In June 1923, Oakes turned professional with Third Division South club Millwall. He made his Football League debut on 8 September 1923 in a 1–1 draw away to Aberdare Athletic, and scored his first goal at that level in a 2–0 win in the reverse fixture the following week. He made four more league appearances, and scored his second goal in October 1924 against Reading, who signed him at the end of that season. He never appeared for their league side, and trials with Rhyl Athletic and Wellington Town preceded a few months at Worcester City, where he played alongside former Birmingham forward Moses Lane. In February 1927, Birmingham paid a fee of £300 for Oakes' services, but he played only once for their first team, shortly after joining the club, as deputy for Joe Bradford. At the end of the 1927–28 season Oakes returned to Rhyl Athletic. A year later he made a more successful return to the Football League, scoring 15 goals from 54 games for New Brighton in the Third Division North.

Oakes began the 1927–28 season with another Northern Section club, Wigan Borough. After twelve matches, the club folded and its results were expunged from official records. Oakes had played in all but one of those twelve, including the club's last ever Football League match, a 5–0 defeat at Wrexham on 24 October 1931, and scored four goals. (Note: Wigan Borough folded during the 1931–32 season following the match on 24 October 1931, a 5–0 defeat at Wrexham in which Oakes played. Although the team's results from that season were expunged, Joyce includes the players' appearances in his totals.) He finished the season in the Midland League as Frickley Colliery's "trickiest forward" and scorer of 20 goals. In July 1932 he signed for Barnsley, newly relegated to the Third Division North, but was released a few weeks later to take up an offer of a player-groundsman role with Cheshire County League club Stalybridge Celtic. His last known club was Buxton.
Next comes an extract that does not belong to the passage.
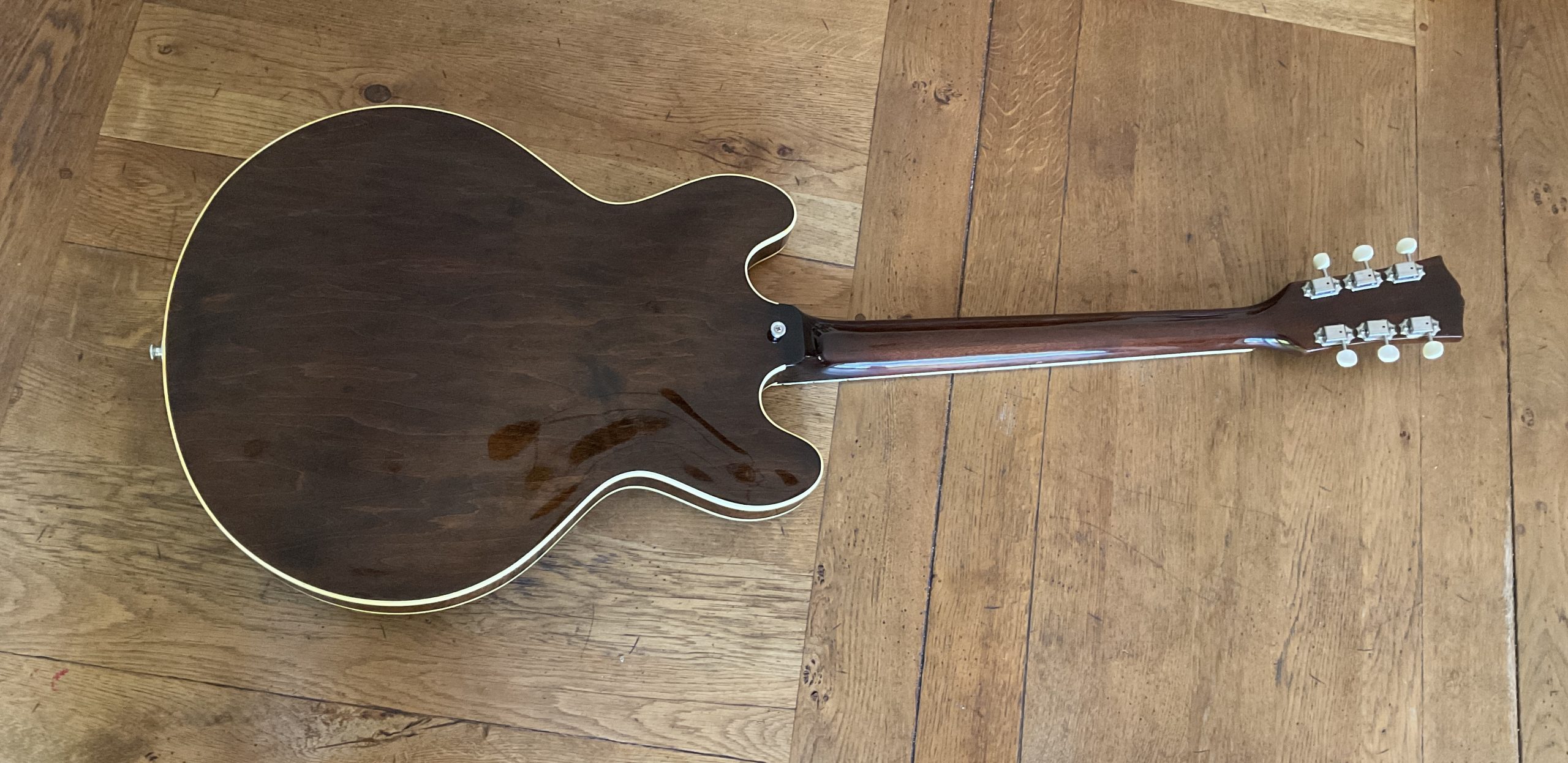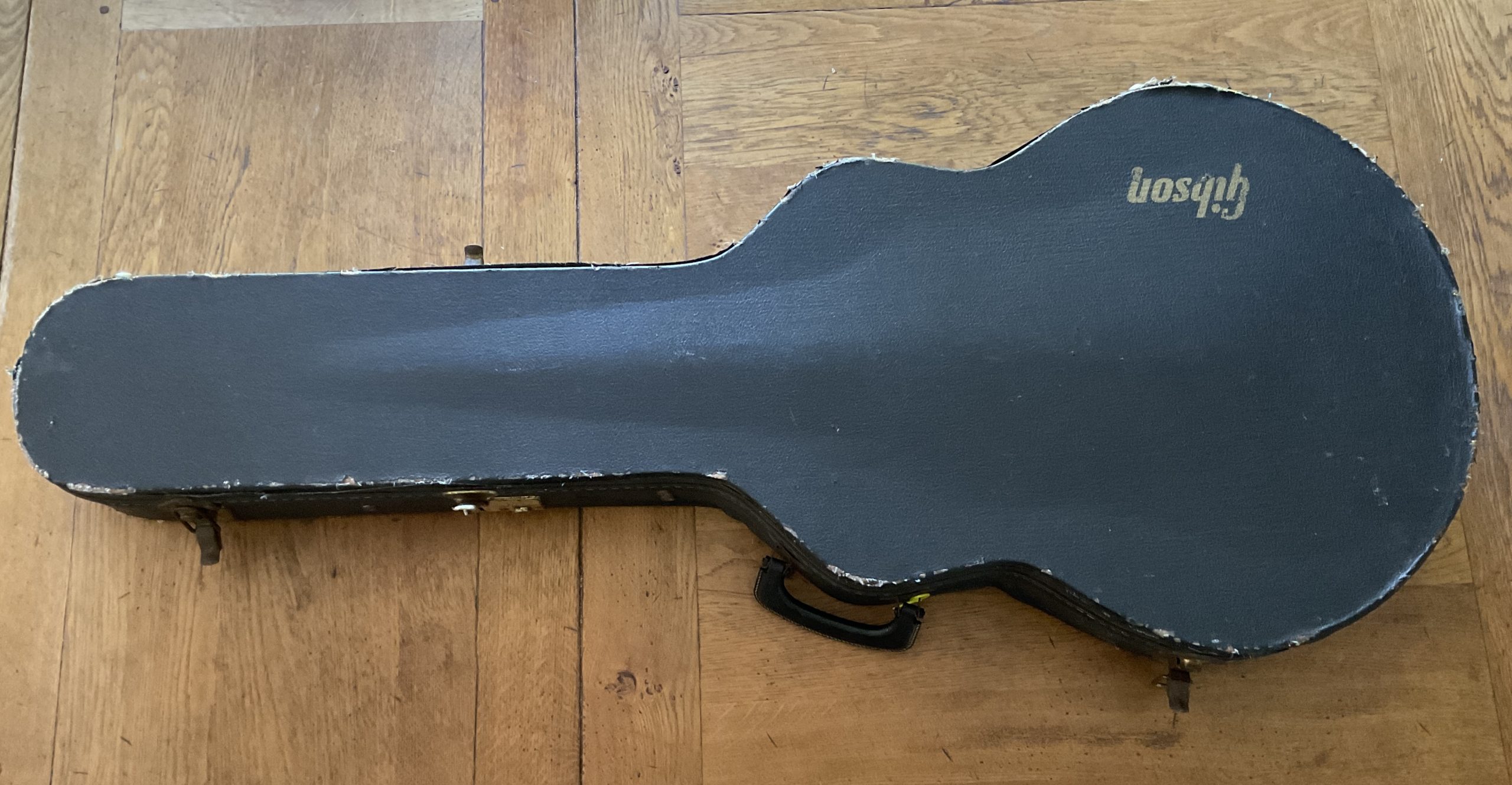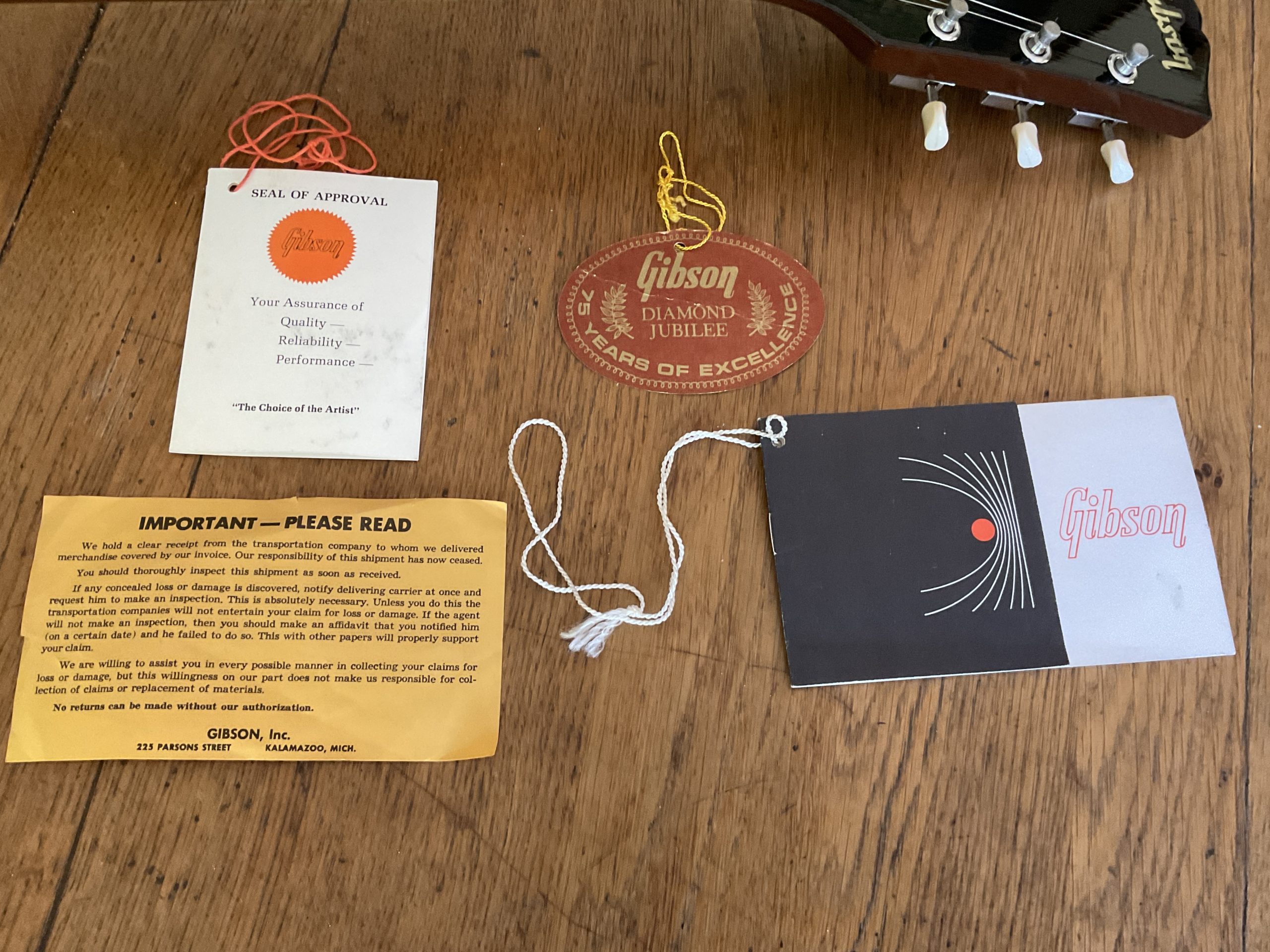 weighing in at just a hair over 6 lbs is this unbelievably clean 1969 Gibson ES 330  complete with its case and hang tags, a true investment collector grade guitar if i ever saw one. I hate the term “mint” as someone will find something somewhere, but apart from the lightest of handling marks it can be described as mint condition. This guitar now has the long ES 335 style neck that joins the body at the 17th fret and the more astute among you will notice that it sports Epiphone Casino trapezoid inlays. This is the second ES 330 i have had with this style of inlay, so perhaps a special order or more likely a mixup or shortage of block inlays at the factory on that day. Either way its very cool to have. The sunburst finish is rich and unfaded and all the chrome and plastic gleams like new. Neck pickup reads 8.2k ohms and the Bridge 7.8k ohms and the guitar sounds full and balanced. The nut measures 40mm and of course the frets and board are unmarked. One for the collector perhaps but it is a joy to play!

The 1939 Register finds Oakes working as an aero engine fitter and living in Peache Road, Mangotsfield, Gloucestershire, with his wife, Gwyneth, and two school-age sons. The younger of the two, Donald, also became a footballer, and played professionally for Arsenal. Oakes was still resident at the same address at the time of his death, on Christmas Day 1967, which was registered in nearby Bristol.

==Sources==
- Joyce, Michael (2004). "Football League Players' Records 1888 to 1939"
- Matthews, Tony (1995). "Birmingham City: A Complete Record"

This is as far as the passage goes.